Problem: Using the records below, copy exactly the part that opens with the line holding "11月20日,必威BETWA" and closes with the line holding "Suitable for mounting on a", minus the pictures.

___

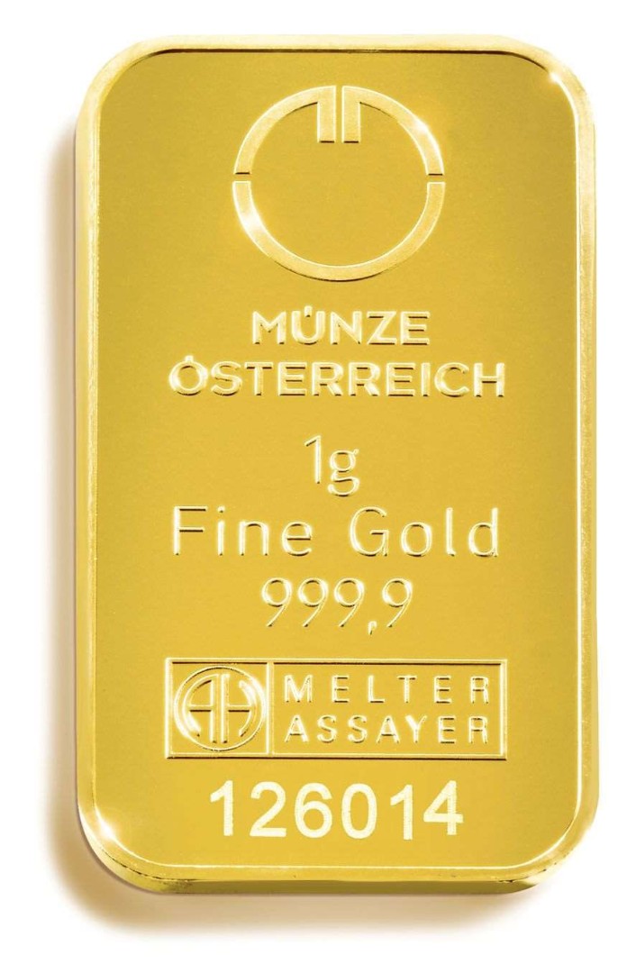A gold bar of pure gold, neatly packaged in a blister pack. High-purity gold bars are perfect both as gifts and as investments.
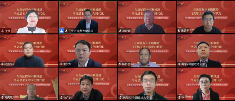 11月20日,必威BETWAY西汉姆联与北京高校中国特色社会主义理论研究协同创新中心(中国政法大学)联合举办“京津冀高校学者学习党的十九届六中全会精神交流会”,京津冀高校马克思主义学者集聚云端,围绕“在新征程中不断推进马克思主义中国化时代化”这一主题,对《中共中央关于党的百年奋斗重大成就和历史经验的决议》(以下简称《决议》)精神展开交流研讨。
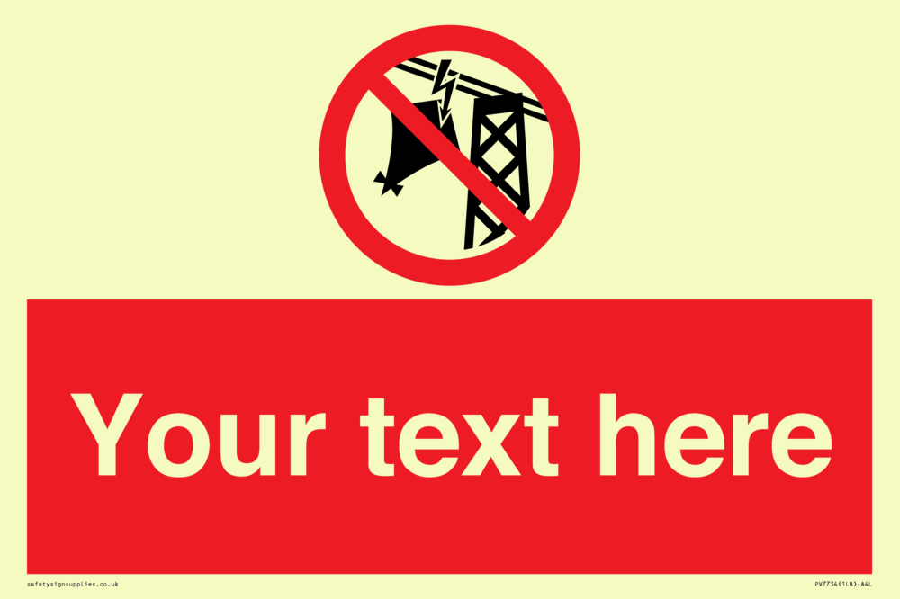 Suitable for mounting on a door. Suitable for mounting on cladding. This product is design to be mounted on the ceiling. Custom signs contain the text required by the customer. With your your text and a standard safety sign symbol - a bespoke sign can fit any requirement. Signs in this range are from our maximum choice range. Giving you the most choice of signs available in the UK.
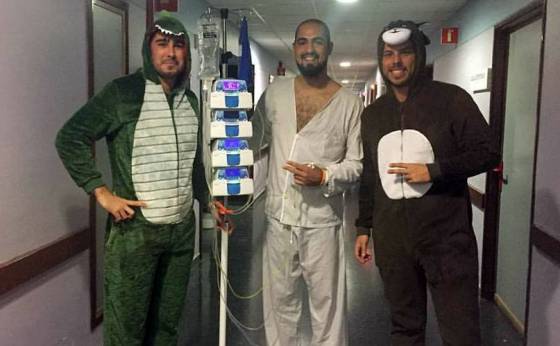 "Van mis amigos y, para animarme, se plantan en el hospital con esas pintas. Son pijamas de estos del Primark", dice entre risas. Subió la foto a Facebook, donde lleva más de 640 interacciones, muchas más de las habituales, y a Instagram. Desde entonces, sus imágenes y vídeos en esta red social acumulan mucha más actividad. "Entonces pensé que tenía que aprovechar toda esa atención para algo importante. Me centré en pedir a la gente que se apunte al registro de donantes", indica.
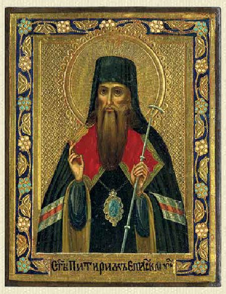 Скромный, воздержный, недопускавший ни малейших излишеств в отношении к себе, истинно благочестивый пастырь любил и употреблял все старание, чтобы в храмах Божиих везде и всюду было видно богатство и блеск. Он заботился о внешнем виде храма, чтобы самое здание вполне соответствовало своему назначению, заботился и о внутреннем украшении, дабы все, начиная от стен здания, достоинством и благолепием указывало, при первом входе в храм, что это жилище Бога Вышнего. Здесь уже для пастыря необходимо требовалось и облачение его самого в величественную и богатую ризницу. Но в отношении ко внутреннему благолепию храма самою первою его заботою было достоинство и правильность изображения ликов на святых иконах. При полном благоговении к святым иконам, видя в них изображения ликов Спасителя, Царицы небесной и святых Божиих, святитель Питирим не только в храмах, но и вне храмов не мог терпеть изображений на иконах ликов обезображенных, нисколько не соответствовавших величию и божественности лиц изображаемых. Благоговение к иконам и особая любовь к ним, как говорить предание, еще с детства возбудили в Питириме пламенное желание изучить живопись и заставили его самого заниматься писанием икон, особенно если принуждала к тому необходимость. Потому, как вполне вероятно передает предание, святитель, не видавши еще Тамбова, но заочно изучивши его вполне со всеми его религиозными нуждами, первее всего, во время пребывания в Москве, позаботился заготовить несколько хороших икон, которые и привез С собою. Не известно вполне, на сколько был живописцем сам святитель, но только он имел полное понятие о живописи, и сам ли написал он, или нет, но только приобрел для Тамбова иконы вполне достойной кисти, и премилосердому Господу угодно было сохранить их во всей целости для нашего времени. А именно, святитель привез с собою в Тамбов 7 святых икон: икону распятия Спасителя, икону Божией Матери Смоленской, две иконы Казанской Божией Матери, икону Божией Матери Девпетерувской, икону святителя Николая — находящияся в собор, и, по всей вероятности, икону Ильинско-Черниговской, а, по прославлению в Тамбове, Тамбовской Божией Матери, находящейся теперь в Уткинской церкви»[32].
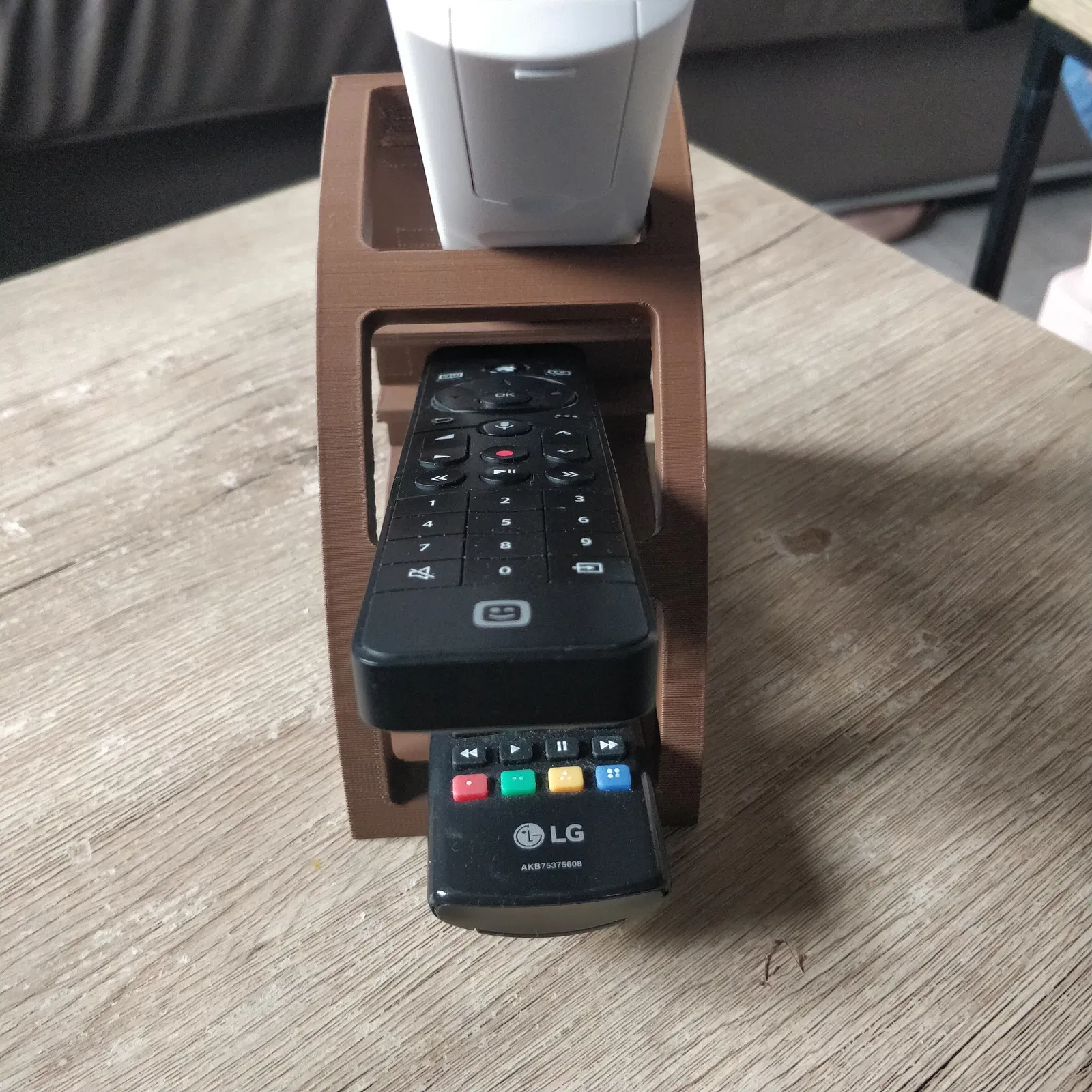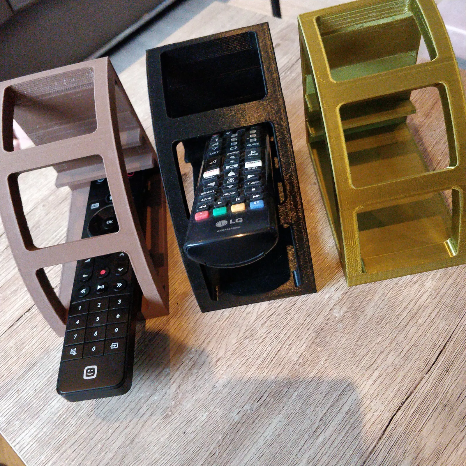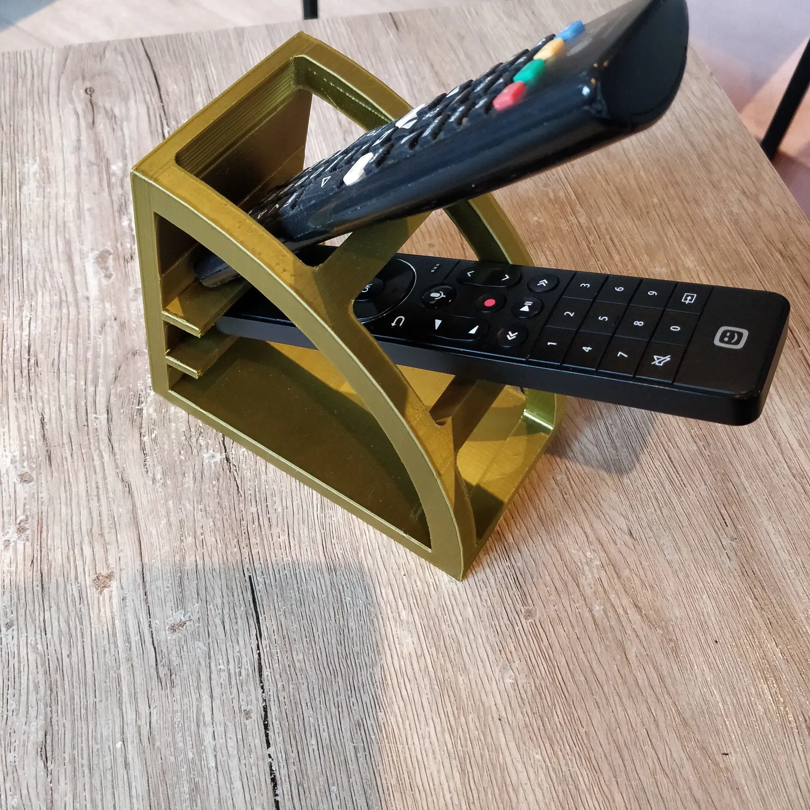 Remote Organizer giúp sắp xếp gọn gàng, chứa tối đa 3 remote (có thêm phiên bản 4 remote). Khuyến nghị in với mặt lưng úp phẳng lên build plate và cần supports để ra form đẹp.
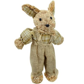 Slamený zajac v hnedom oblečení.
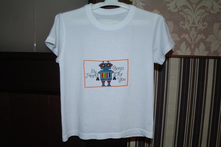 Вышивка крестомкоторую сын в садике заляпал гуашью. Подумав, что хуже уже не будет, вооружилась водорастворимой канвой и вуаля)
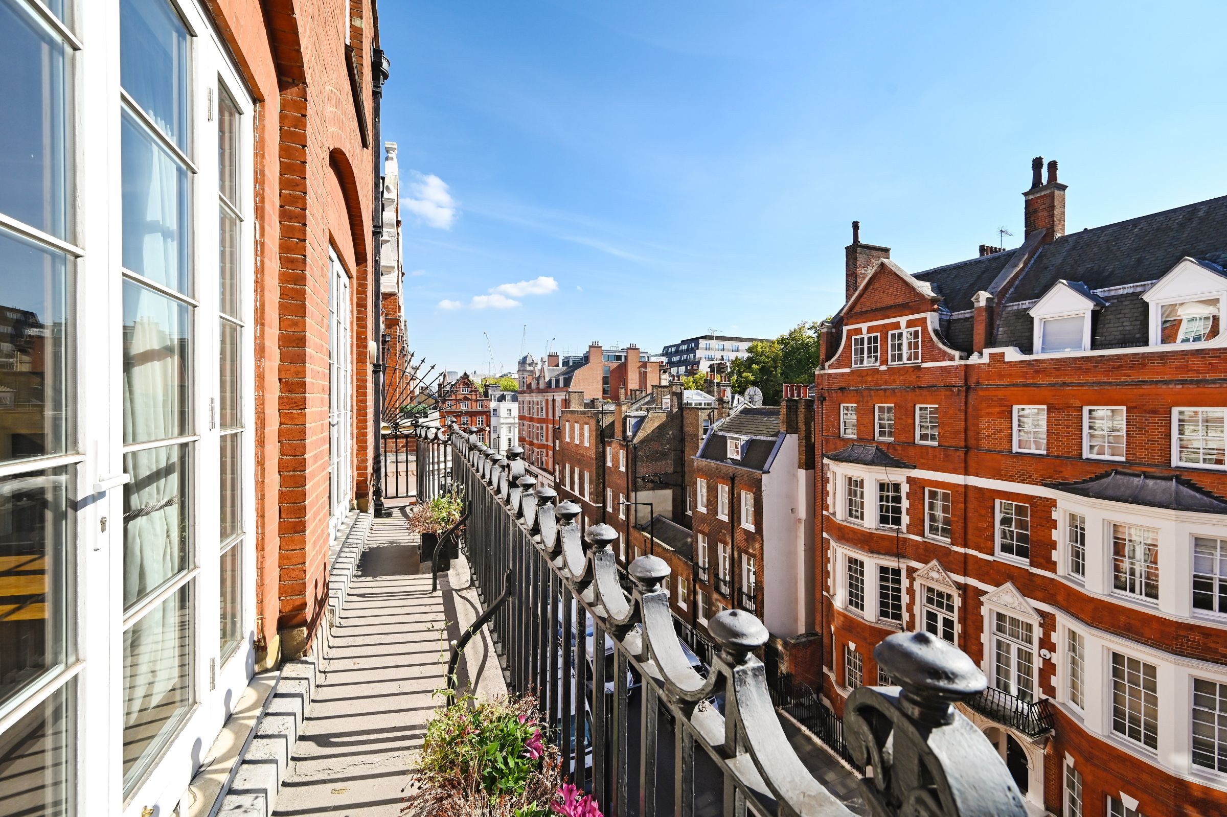This elegant three-bedroom apartment set on the third and fourth floors (with lift) offers high ceiling throughout, a south-facing balcony, and a private roof terrace, ideally located in the heart of Mayfair.

___

Task response:
 11月20日,必威BETWAY西汉姆联与北京高校中国特色社会主义理论研究协同创新中心(中国政法大学)联合举办“京津冀高校学者学习党的十九届六中全会精神交流会”,京津冀高校马克思主义学者集聚云端,围绕“在新征程中不断推进马克思主义中国化时代化”这一主题,对《中共中央关于党的百年奋斗重大成就和历史经验的决议》(以下简称《决议》)精神展开交流研讨。
 Suitable for mounting on a door. Suitable for mounting on cladding. This product is design to be mounted on the ceiling. Custom signs contain the text required by the customer. With your your text and a standard safety sign symbol - a bespoke sign can fit any requirement. Signs in this range are from our maximum choice range. Giving you the most choice of signs available in the UK.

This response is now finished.